• _ACTIVITY_: Skip the pictures, please, and write out exactly the lines from the opening of the data through the line containing "The ASTROTEK drive".

• _SUPPLIED DATA_:
==================================================

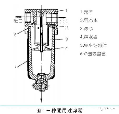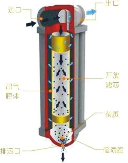 其过滤过程是,压缩空气进入过滤器后由弯曲的导流板引导做螺旋运行,产生的离心力将所含的大粒径固体颗粒和液态水滴向外抛掷,撞向集水杯内壁,并在重力作用下跃落,越过挡水板落入集水杯中,挡水板将污液分离并防止喘流的空气将污液二次带到下游,然后压缩空气从外向内通过滤芯,滤除细小的固体微粒,最后清洁空气从滤芯中心经过过滤器出口排出。
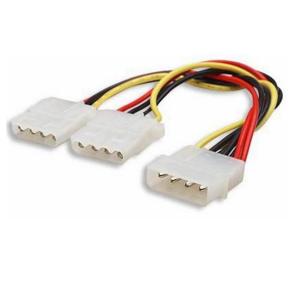 The ASTROTEK drive power splitter cable features a male 4-pin Molex connector one end, which splits to female 4-pin Molex connectors. It is commonly used in older PCs to provide power 5.25" drives. This splitter cable allows you to connect two drives to a single power-supply output.
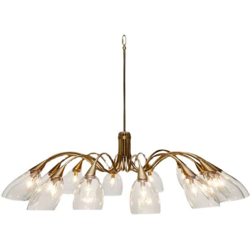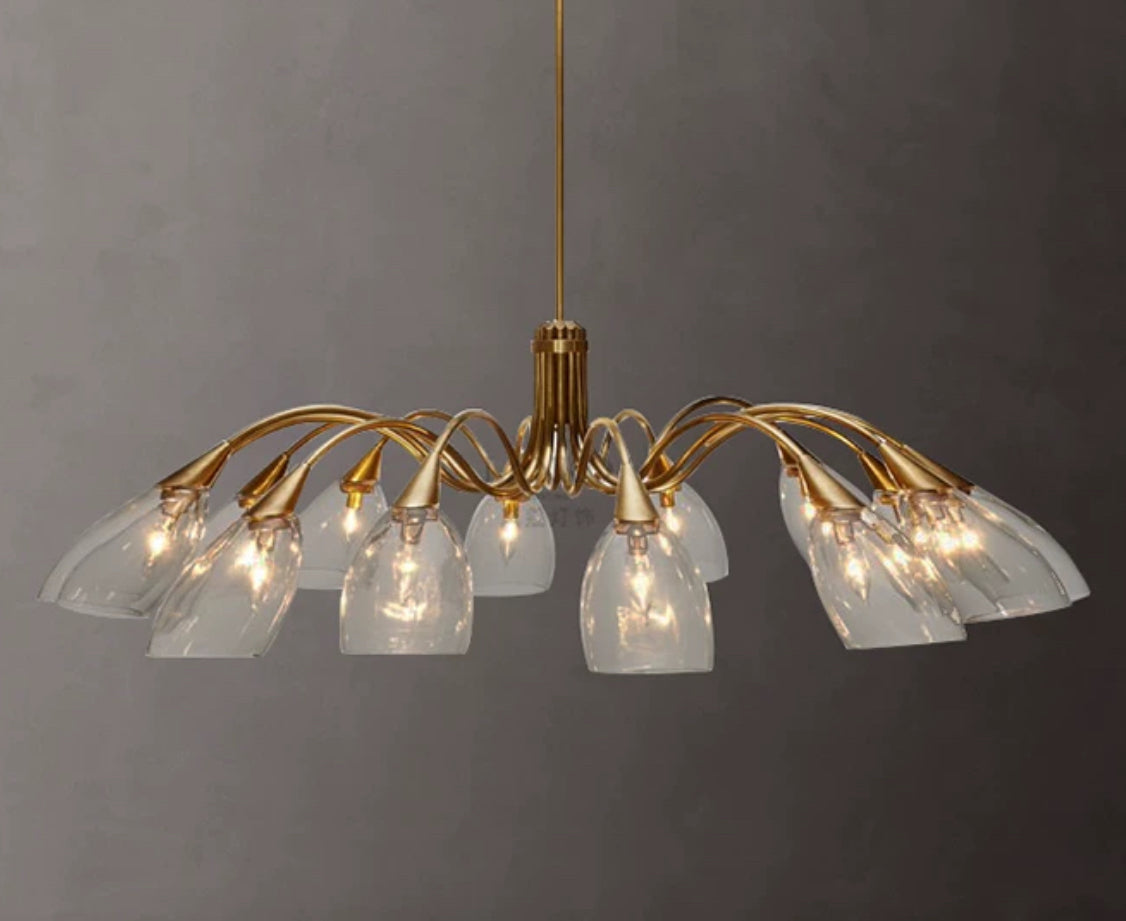 The Copper Branch Chandelier features an organically branching structure crafted from solid copper with hand-polished detailing. Each arm flows outward in a natural arc, supporting a clear glass shade shaped to diffuse light softly and evenly. The combination of warm copper and transparent glass creates a refined balance between contemporary design and sculptural elegance.

==================================================

• _WRITTEN RESPONSE_:
 其过滤过程是,压缩空气进入过滤器后由弯曲的导流板引导做螺旋运行,产生的离心力将所含的大粒径固体颗粒和液态水滴向外抛掷,撞向集水杯内壁,并在重力作用下跃落,越过挡水板落入集水杯中,挡水板将污液分离并防止喘流的空气将污液二次带到下游,然后压缩空气从外向内通过滤芯,滤除细小的固体微粒,最后清洁空气从滤芯中心经过过滤器出口排出。
 The ASTROTEK drive power splitter cable features a male 4-pin Molex connector one end, which splits to female 4-pin Molex connectors. It is commonly used in older PCs to provide power 5.25" drives. This splitter cable allows you to connect two drives to a single power-supply output.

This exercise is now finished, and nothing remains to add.